Given material START

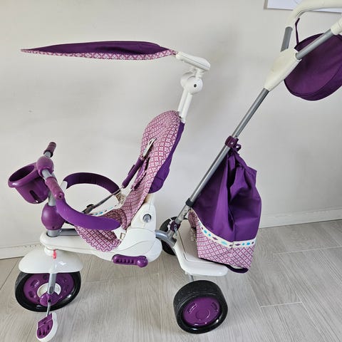 Trehjulssykkel for barn . Sykkelen har rød og blå ramme, hvitt sete og hvite håndtak. Den er utstyrt med to store bakhjul og ett forhjul, samt pedaler på forhjulet. Egnet for små barn. Må hentes
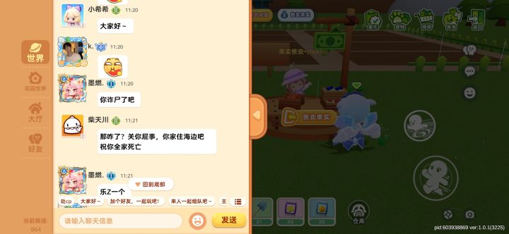 忙着种菜呢,突然瞄了一眼公屏有人吵架?好奇去看了一下,这个叫柴天川的人不知道什么原因突然莫名其妙辱骂扫射公屏其他玩家😅真的很影响观感,有些人开始怼他也被骂了。。真求求快上线拉黑和聊天权限功能吧,真的很怕哪天不小心惹到哪个熊孩子跑私信骂我#小恐龙派对 #发现好游戏 #游戏日常 #游戏杂谈 #单机游戏 #游戏攻略
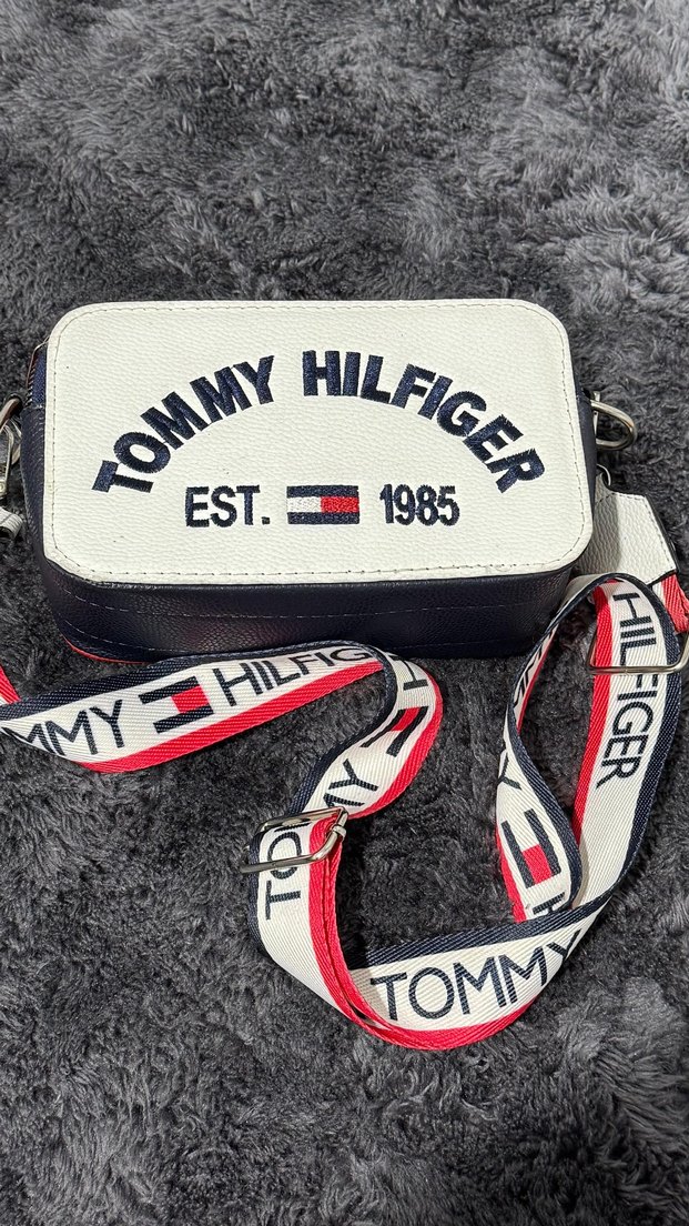Tommy Hilfiger baskılı, yumuşak ve sıcak dokulu kumaştan beyaz gri çapraz kadın çanta. Elastik ayarlanabilir askıya sahip, rahat sokak stili için uygundur.

Given material END

**Exercise requirements**
Would you repeat the material exactly, keeping out any pictures?

**Solution to the problem**
 Trehjulssykkel for barn . Sykkelen har rød og blå ramme, hvitt sete og hvite håndtak. Den er utstyrt med to store bakhjul og ett forhjul, samt pedaler på forhjulet. Egnet for små barn. Må hentes
 忙着种菜呢,突然瞄了一眼公屏有人吵架?好奇去看了一下,这个叫柴天川的人不知道什么原因突然莫名其妙辱骂扫射公屏其他玩家😅真的很影响观感,有些人开始怼他也被骂了。。真求求快上线拉黑和聊天权限功能吧,真的很怕哪天不小心惹到哪个熊孩子跑私信骂我#小恐龙派对 #发现好游戏 #游戏日常 #游戏杂谈 #单机游戏 #游戏攻略
Tommy Hilfiger baskılı, yumuşak ve sıcak dokulu kumaştan beyaz gri çapraz kadın çanta. Elastik ayarlanabilir askıya sahip, rahat sokak stili için uygundur.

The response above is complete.